Physiological relevance is a scientific concept that refers to the applicability or significance of a particular experimental finding or biological observation in the context of normal bodily functions. This concept is often used in biomedical research, where scientists strive to design experiments that not only yield statistically significant results but also have direct implications for understanding human health and disease.

== Importance in biomedical research ==
Physiological relevance is a critical factor in biomedical research because it helps to bridge the gap between basic science and clinical application.
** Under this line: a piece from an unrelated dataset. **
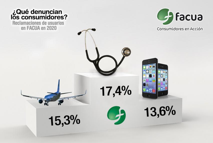 FACUA-Consumidores en Acción recibió 106.097 consultas y denuncias en 2020, una cifra récord motivada por las irregularidades cometidas durante la pandemia. La negativa a reembolsar el importe de servicios que los usuarios no han podido disfrutar por ella provocó que casi un tercio de las reclamaciones, el 27,8%, estuviesen protagonizadas por aerolíneas y empresas de los sectores del turismo y el ocio.

Researchers aim to design studies that not only yield statistically significant results but also have direct implications for understanding human health and disease. For example, a study on the effects of a new drug on cancer cells in a lab dish might show promising results. However, these findings would only be considered physiologically relevant if the drug also demonstrated efficacy in animal models or clinical trials, where the complex interplay of various bodily systems and processes are taken into account.

== Examples ==
A classic example of physiological relevance is the discovery of insulin. In the early 20th century, scientists found that injecting diabetic dogs with extracts from the pancreas of healthy dogs could normalize their blood sugar levels. This finding was not only statistically significant but also physiologically relevant, as it led to the development of insulin therapy for diabetes in humans.

In tissue engineering, physiological relevance means that living tissue constructs in vitro are morphologically and functionally similar to native tissue. Bioengineering approaches to modify the mechanical properties of scaffolds and functionalize materials with growth factors or gene therapeutics.

== Challenges ==
One of the main challenges in ensuring physiological relevance is the inherent complexity of biological systems. Many factors can influence the outcome of an experiment, from the genetic makeup of the test subjects to the specific conditions under which the experiment is conducted. Furthermore, what is physiologically relevant in one species may not be in another, making it difficult to extrapolate findings from animal models to humans.

Another challenge is that physiological relevance is not always easy to quantify. Unlike statistical significance, which can be calculated using well-established mathematical formulas, physiological relevance often requires a more subjective, holistic assessment of the data. A limited number of quantitative models have been applied to improve the physiological relevance of biological systems.